Becky works as a financial journalist in downtown London and lives in a beautiful apartment with her best friend, Suzy, in London's trendiest neighborhood alongside her group of socialite friends, complete with a closet full of the season's chicest fashions.

Realizing she is in trouble, Becky first attempts to cut back her addiction by purchasing a book called "Controlling Your Cash," by David E. Barton. Her efforts to see her pitfalls and what she spends money on are quite hilarious. Every page was full of laughter detailing how Becky manages to dig herself deeper into debt.

Becky then attempts to make more money by getting another job and by making crafts out of her own home. But both of these only provide more trouble for Becky. She certainly has a knack for getting in tight spots. When something goes wrong for Becky, she turns to shopping to feel better. This does not help her financial situation, but she feels it eases her emotions. And that's the important thing for her.

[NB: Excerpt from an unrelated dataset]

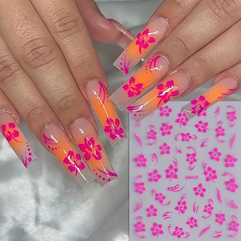 8PCS Hibiscus Flower Nail Art Stickers Summer Flowers Nail Decals Hot Pink Yellow White Pink 3D Self-Adhesive Hawaiian Hibiscus Flower Nail Art Designs Supplies for Women Girls Nail Art Decorations

Finally, after her spit of bad luck, Becky actually finds a story that offers her some interest. Her neighbors are in trouble, and she wants to help them. Although she is not confident in her skills as a reporter, she gives it her best shot. Little does she know the events to follow will change her life forever - both socially and financially.

Kinsella is a former financial journalist and the author of the four bestselling "Shopaholic" novels, in addition to her stand-alone New York Times bestseller, "Can you keep a Secret?" She lives in England, where she is at work on her next novel. Kinsella attended university at Oxford, where she studied politics, philosophy and economics before getting her first job as a junior assistant on a magazine for retirees.

Kinsella's books are sold in more than 31 countries and are translated into more than 30 languages. She is married, has two sons, and her husband heads the classics department at a boy's grammar school in England. Kinsella, as mentioned on her Web site, loves to shop but likes to think that she keeps herself in better check than her character, Becky Bloomwood.